M. Della Noce: Je voudrais juste enchaîner un peu. Prenez
une multinationale qui augmente de 0,10 $ le litre. La loi canadienne
empêche de faire certaines choses. Mais, vous savez, les lois ont
été faites pour être contournées et il y a toujours
un gars qui est plus talentueux qu'un autre et qui essaie de les
déjouer.
Qu'est-ce que fait une compagnie? Elle augmente de 0,10 $ ses
libres-services durant la nuit. Le gars se réveille le matin, se demande
s'il est encore dans le lit et se dit: Non, je ne rêve pas, c'est vrai,
0,10 $ de plus qu'hier. J'aurais dû faire le plein hier. Mais, vous
savez, ce n'est qu'une question d'une semaine, tout le monde s'y ajuste. Mais
si elles n'avaient pas les libres-services pour tripoter les prix, parce que je
dis que les libres-services servent au tripotage de prix, ce serait difficile
de faire augmenter des détaillants indépendants. D'abord, ils
sont un peu peureux, ils se diraient: Je ne peux pas augmenter, je vais perdre
ma "business". Tandis que, quand les libres-services augmentent leur prix, le
détaillant reçoit un coup de téléphone l'avisant:
Écoute, nous avons augmenté, augmente tes prix, envoie, Charles!
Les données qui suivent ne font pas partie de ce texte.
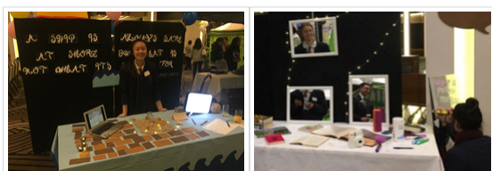
Max Potential Showcase

Cela se peut qu'on le rappelle trois fois dans la même journée,
qu'on lui dise que son loyer est mensuel et de ne pas l'oublier. Cela peut
changer les normes. On l'a vu et on le voit encore.
Je sais qu'il y a des fanatiques du libre-service. Il y a des clients
que j'ai rencontrés dans ma vie, dans ce domaine, qui n'aiment pas se
faire servir et ils viennent chez nous et se servent eux-mêmes à
une condition. La semaine passée, un pompiste n'a pas voulu et le type
est parti. Il y a des fanatiques pour cela. Il y a peut-être une demande,
mais de là à nous enterrer avec tous les libres-services qu'il y
al Vous savez qu'il faut 700 libres-services pour vendre le volume de
peut-être 4000 stations. Ils font travailler une jeune fille de 17 ans.
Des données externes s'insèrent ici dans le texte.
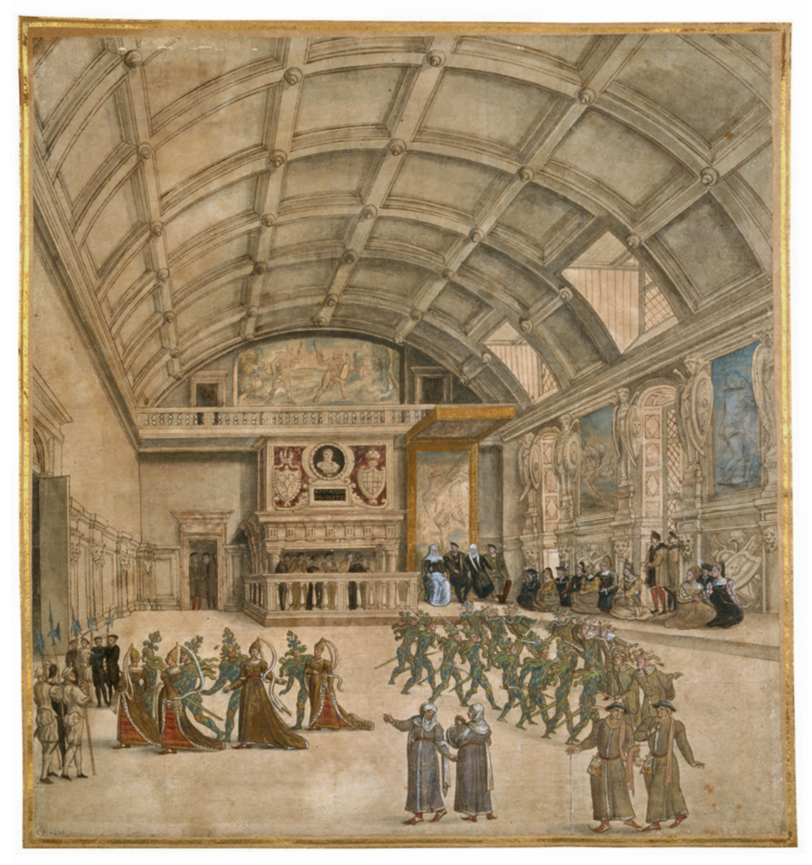
Anonymous, The Great Hall of Binche Palace, c. 1549

Je n'ai rien contre cela, une jeune fille qui veut continuer ses études,
mais je ne pense pas qu'elle ait le contrôle du carburant.
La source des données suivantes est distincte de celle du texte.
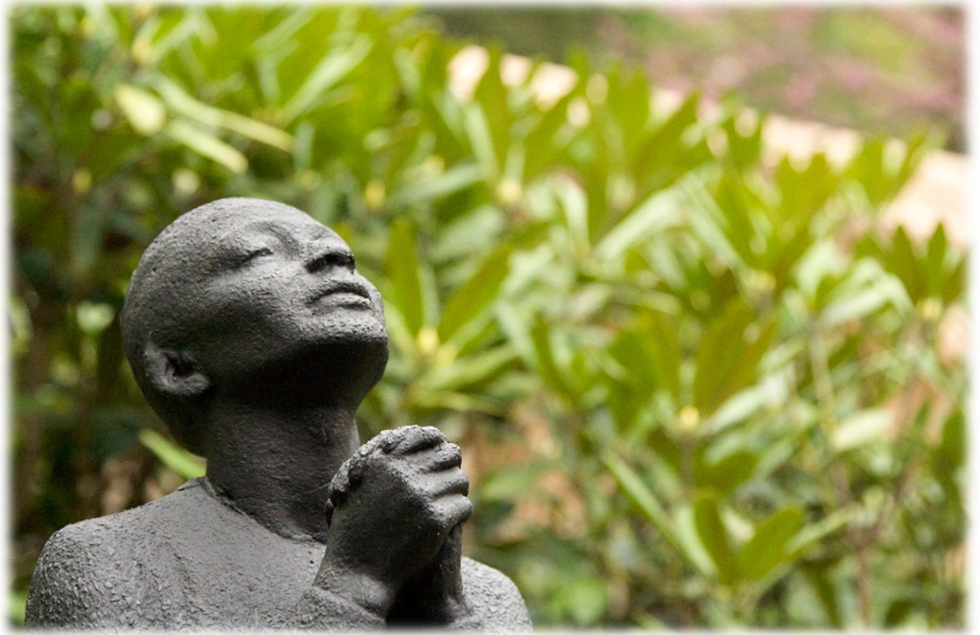
Rose McClendon in Prayer -- Richmond Barthe, Fallingwater, PA

Regardez dans les libres-services combien d'essence se dépense.
Quant au cigare... Je suis venu ici, à Québec, il y a plusieurs
années - on m'a dit que cela n'arrivait pas - je suis allé dans
un libre-service, je me suis allumé un gros cigare, j'ai mis cela sur
l'automatique, j'ai truqué cela, j'étais en dehors de... La
petite fille étampait des billets pour son patron parce qu'il ne faisait
même pas assez d'argent pour les avoir imprimés. Il achetait cela
en blanc et la petite fille faisait cela toute la journée.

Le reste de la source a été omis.